La transmigración de Timoty Archer, de Phillip K. Dick



The Transmigration of Timothy Archer. 1981. Un obispo evangélico se enrolla con una amiga de la protagonista-narradora. Creo que es la primera cosa que leo de K. Dick con una narradora femenina. California. 1982. Ha muerto Lennon. Todo es un gran malentendido. Cerca, muy cerca de K. Dick está revoloteando un joven Steve Jobs. Es la misma California, la misma inquietud, solo que con signos ideológicos y vitales contrapuestos. K. Dick es el fin de una cultura, la cultura contestataria de los sesenta, la que le llevó al delirio, la soledad y la marginalidad, pero también la que le permitió ver "más allá". Jobs es el producto refinado de esa subcultura. Refinado en forma de gran emporio comercial y utilitarismo puro. K. Dick abrió las puertas de toda una forma de contar. Jobs estuvo a punto de cerrarla. No parece que pueda hacerlo desde la tumba, aunque quién sabe. Hitler murió en su búnker, pero en Alemania ya no hay ni judíos ni comunismo. ¿Quién ganó? Esa era la estupenda pregunta de El hombre en el castillo, y cada día se nos hace más difícil contestarla. Se burla, con infinita valentía, de un personaje "desequilibrado" que en sus momentos menos presentables deja de comer, se sumerge en sus fobias y envía cartas de auxilio y amenaza a la Casa Blanca, exactamente igual que el propio K. Dick en sus horas más bajas/altas. 

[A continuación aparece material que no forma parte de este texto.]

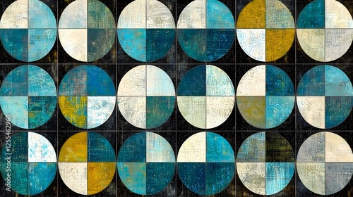 Abstract Geometric Pattern with Blue and Yellow Circular Design

      Compara el enamoramiento con un choque frontal, o con un atropellamiento mutuo. Como siempre, metáfora vulgar y sublime a un tiempo.
        Habla también de lo que él llama el estigma del odio: esa forma de congestión que asalta a las personas sufrientes y en guerra consigo mismas, que les hace parecer enfermas y envejecidas prematuramente. Lo compara con los malos espíritus que Jesús hizo introducirse en el interior de una piara de cerdos, para que se lanzaran por un precipicio. Es el mismo procedimiento que ahora se está utilizando con las algas devoradoras de metales pesados, que una vez terminan su digestión se supone que son recogidas y utilizadas como combustible de nuevo. Las personas con ese dolor y esa furia pintados en sus rostros y cuerpos son, en cierto modo, recicladores, como de sí mismo afirmaba ser Rasputin. Hay una relación confusa con el placer en esa energía: una relación confusa y convulsiva, de acercamientos y alejamientos bruscos y finalmente sufrientes. "Un animal erizado de púas", peligroso, autodestructivo, loco. El personaje al que le pasa esto se llama Kirsten, que es un nombre de mujer que le gustaba, que habitaba su imaginario.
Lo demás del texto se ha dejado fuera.